PROBLEM STATEMENT: The full listing needs to be output exactly.

ENTRIES SUPPLIED:

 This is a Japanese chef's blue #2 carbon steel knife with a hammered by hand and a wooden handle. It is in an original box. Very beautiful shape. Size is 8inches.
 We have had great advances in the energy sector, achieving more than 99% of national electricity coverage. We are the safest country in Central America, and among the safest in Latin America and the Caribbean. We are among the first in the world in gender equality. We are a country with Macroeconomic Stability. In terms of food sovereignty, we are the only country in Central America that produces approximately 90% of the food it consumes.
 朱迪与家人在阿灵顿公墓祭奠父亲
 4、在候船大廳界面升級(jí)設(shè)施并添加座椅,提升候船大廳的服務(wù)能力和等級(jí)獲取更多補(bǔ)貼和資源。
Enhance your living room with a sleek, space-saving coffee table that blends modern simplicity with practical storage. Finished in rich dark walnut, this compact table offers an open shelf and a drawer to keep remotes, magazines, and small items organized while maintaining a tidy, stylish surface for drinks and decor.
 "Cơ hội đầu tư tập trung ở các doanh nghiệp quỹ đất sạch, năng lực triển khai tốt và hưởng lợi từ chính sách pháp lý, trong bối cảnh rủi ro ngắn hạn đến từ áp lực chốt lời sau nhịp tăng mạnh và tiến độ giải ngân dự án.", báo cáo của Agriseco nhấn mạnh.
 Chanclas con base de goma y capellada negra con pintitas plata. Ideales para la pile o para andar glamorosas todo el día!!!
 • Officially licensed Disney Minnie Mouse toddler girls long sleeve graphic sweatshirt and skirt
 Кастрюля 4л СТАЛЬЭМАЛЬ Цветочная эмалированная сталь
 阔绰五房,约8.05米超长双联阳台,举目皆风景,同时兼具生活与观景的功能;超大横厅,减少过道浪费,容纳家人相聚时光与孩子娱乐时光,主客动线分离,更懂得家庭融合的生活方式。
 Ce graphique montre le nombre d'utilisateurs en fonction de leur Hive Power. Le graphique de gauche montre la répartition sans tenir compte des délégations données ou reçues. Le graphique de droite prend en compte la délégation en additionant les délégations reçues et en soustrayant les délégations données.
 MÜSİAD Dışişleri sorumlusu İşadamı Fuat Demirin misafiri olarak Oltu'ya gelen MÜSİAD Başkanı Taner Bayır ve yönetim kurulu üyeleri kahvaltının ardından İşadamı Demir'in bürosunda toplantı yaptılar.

PROBLEM SOLUTION:
 This is a Japanese chef's blue #2 carbon steel knife with a hammered by hand and a wooden handle. It is in an original box. Very beautiful shape. Size is 8inches.
 We have had great advances in the energy sector, achieving more than 99% of national electricity coverage. We are the safest country in Central America, and among the safest in Latin America and the Caribbean. We are among the first in the world in gender equality. We are a country with Macroeconomic Stability. In terms of food sovereignty, we are the only country in Central America that produces approximately 90% of the food it consumes.
 朱迪与家人在阿灵顿公墓祭奠父亲
 4、在候船大廳界面升級(jí)設(shè)施并添加座椅,提升候船大廳的服務(wù)能力和等級(jí)獲取更多補(bǔ)貼和資源。
Enhance your living room with a sleek, space-saving coffee table that blends modern simplicity with practical storage. Finished in rich dark walnut, this compact table offers an open shelf and a drawer to keep remotes, magazines, and small items organized while maintaining a tidy, stylish surface for drinks and decor.
 "Cơ hội đầu tư tập trung ở các doanh nghiệp quỹ đất sạch, năng lực triển khai tốt và hưởng lợi từ chính sách pháp lý, trong bối cảnh rủi ro ngắn hạn đến từ áp lực chốt lời sau nhịp tăng mạnh và tiến độ giải ngân dự án.", báo cáo của Agriseco nhấn mạnh.
 Chanclas con base de goma y capellada negra con pintitas plata. Ideales para la pile o para andar glamorosas todo el día!!!
 • Officially licensed Disney Minnie Mouse toddler girls long sleeve graphic sweatshirt and skirt
 Кастрюля 4л СТАЛЬЭМАЛЬ Цветочная эмалированная сталь
 阔绰五房,约8.05米超长双联阳台,举目皆风景,同时兼具生活与观景的功能;超大横厅,减少过道浪费,容纳家人相聚时光与孩子娱乐时光,主客动线分离,更懂得家庭融合的生活方式。
 Ce graphique montre le nombre d'utilisateurs en fonction de leur Hive Power. Le graphique de gauche montre la répartition sans tenir compte des délégations données ou reçues. Le graphique de droite prend en compte la délégation en additionant les délégations reçues et en soustrayant les délégations données.
 MÜSİAD Dışişleri sorumlusu İşadamı Fuat Demirin misafiri olarak Oltu'ya gelen MÜSİAD Başkanı Taner Bayır ve yönetim kurulu üyeleri kahvaltının ardından İşadamı Demir'in bürosunda toplantı yaptılar.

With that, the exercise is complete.